So far as joint liability is concerned, both Perini and PCMC refer to a decision of this court (which went to the House of Lords, but not on the point at issue here), Sabaf v Meneghetti and MFI [2003] RPC 14, where, at paragraphs 58-59, the Court of Appeal rejected the contention that the supply of infringing goods from abroad into this country was sufficient to fix the supplier with liability even where the supplier “knew that [the goods] were going to be imported into the UK”. The supplier in that case had “merely been acting as a supplier of goods to a purchaser, which was free to do what it wanted with the goods”. Peter Gibson LJ said that, in order to be liable, the alleged joint tortfeasor must have “been so involved in the commission of the tort as to make himself liable for the tort”, and that he must have “made the infringing act his own”. While I agree with the decision, I must confess to finding the reasoning rather circular, which is not surprising as the circumstances in which joint liability arises are difficult, probably impossible, to define fully satisfactorily in abstract.
At least to my mind, the test propounded by Mustill LJ in an earlier patent case, Unilever v Gillette [1989] RPC 583, 608-609, is rather more helpful in the present case.
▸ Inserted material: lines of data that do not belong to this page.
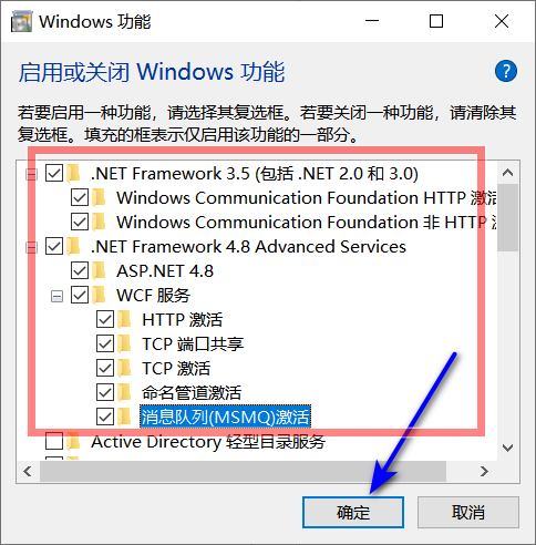 安装前准备安装前需要安装有.NET Framework 3.5 或者更新的4.0 版本,如果没有安装请先安装 ,可以通过“控制面板-程序-启用或关闭Windows功能”,打开面板,勾选net 3.5和net 4.8,点击确定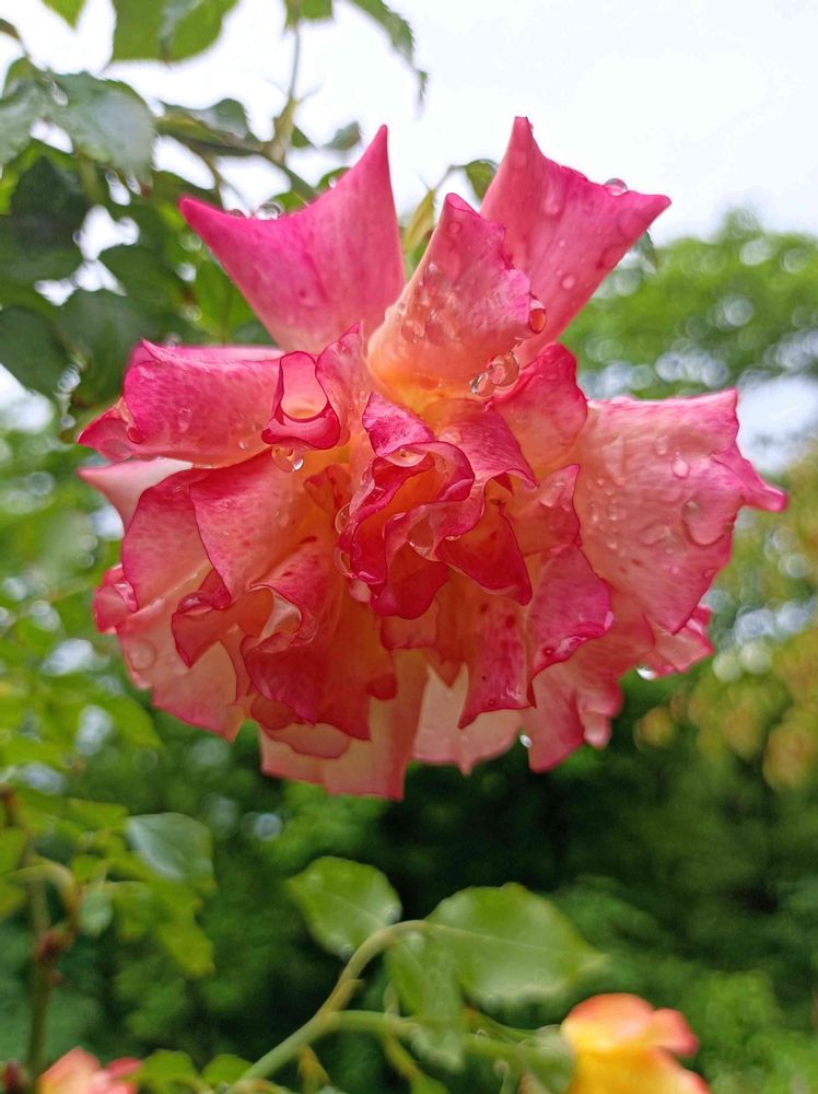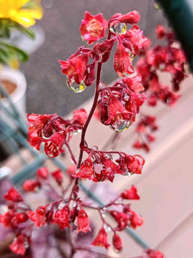 雨上がり、雫💧をまとったヒューケラの花、バラ、どれも綺麗ですねー😍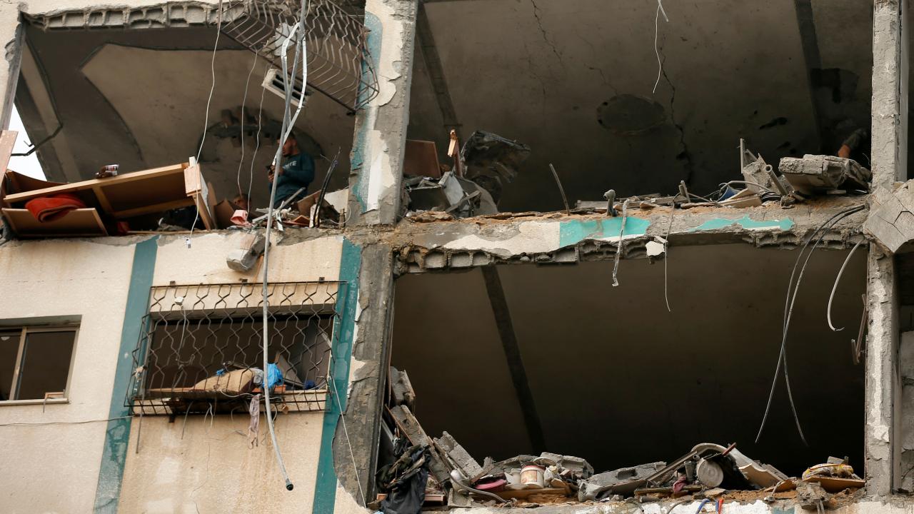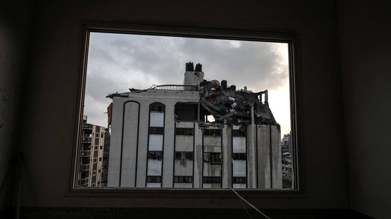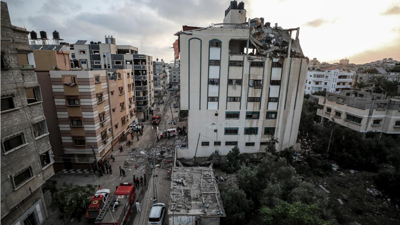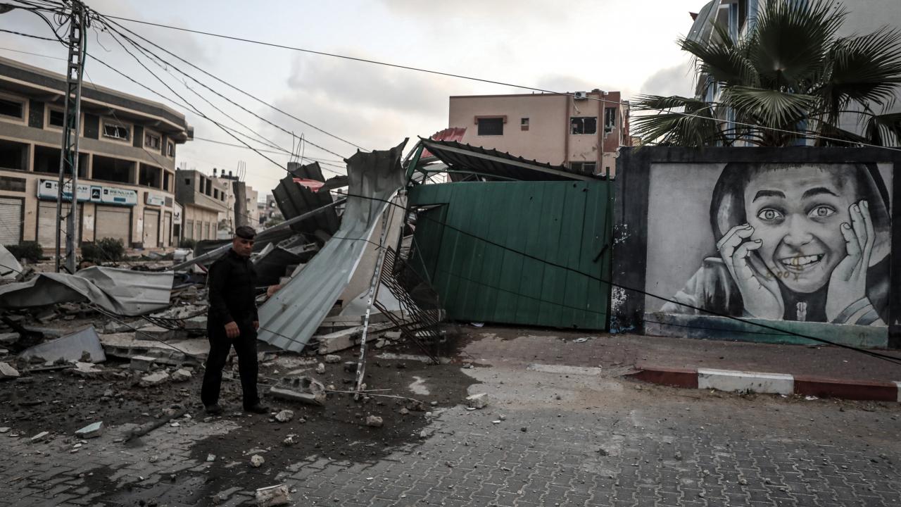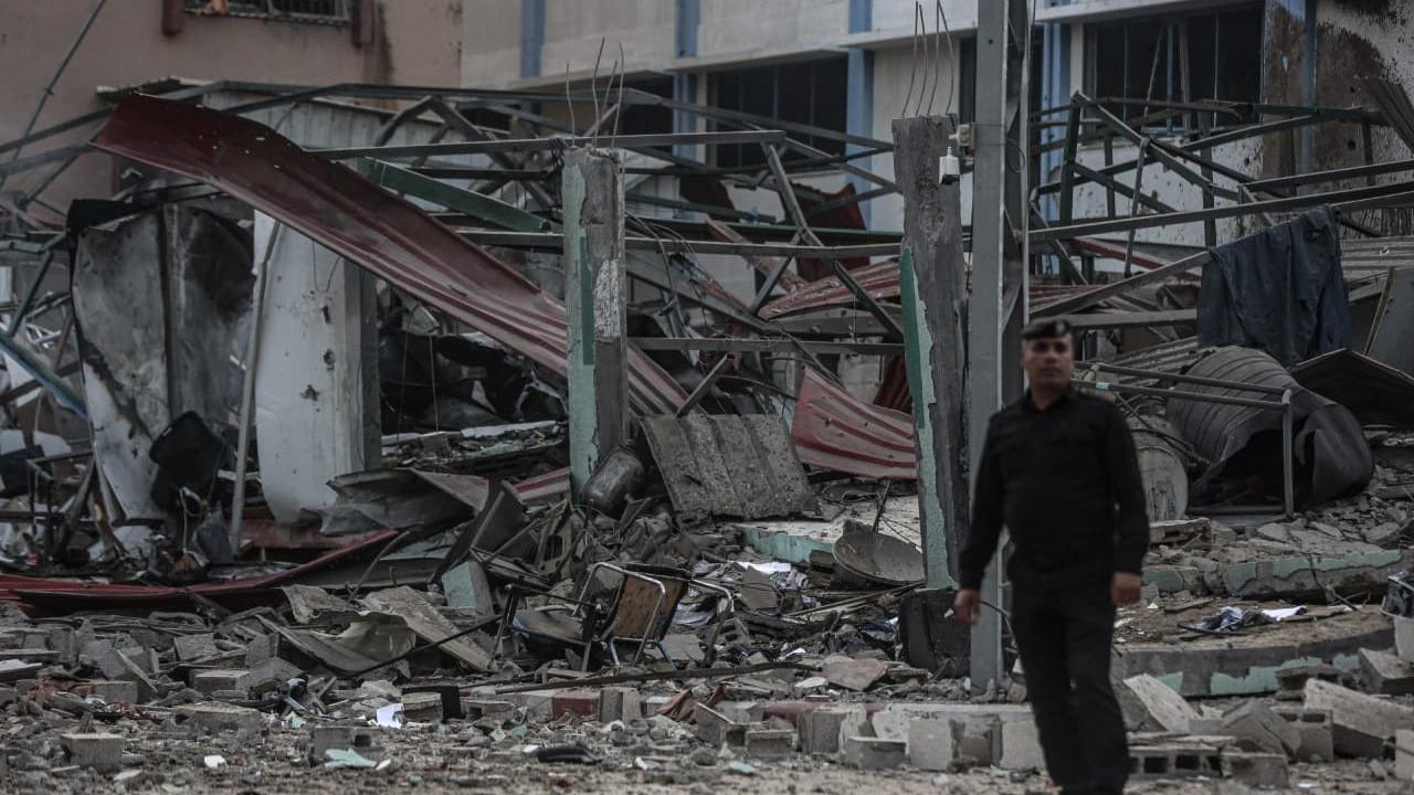 Gazze kentinin batısındaki Tel al-Hava bölgesinde İçişleri Bakanlığı`na bağlı bir merkez harabeye döndü.

At the end of a brief analysis of the principles (quoted by the Judge at [2009] EWHC 1929 (Pat), paragraph 177), Mustill LJ said that it was “enough if the parties combined to secure the doing of acts which in the event prove to be infringements”. Merely exporting a machine from another country to a third party in the UK, even helping to instal the machine in the third party’s premises in the UK, would not, at least in ordinary circumstances, amount to such an act, as it is the use of the machine (which, in that case at least, was a matter entirely for the third party) which constitutes the tort.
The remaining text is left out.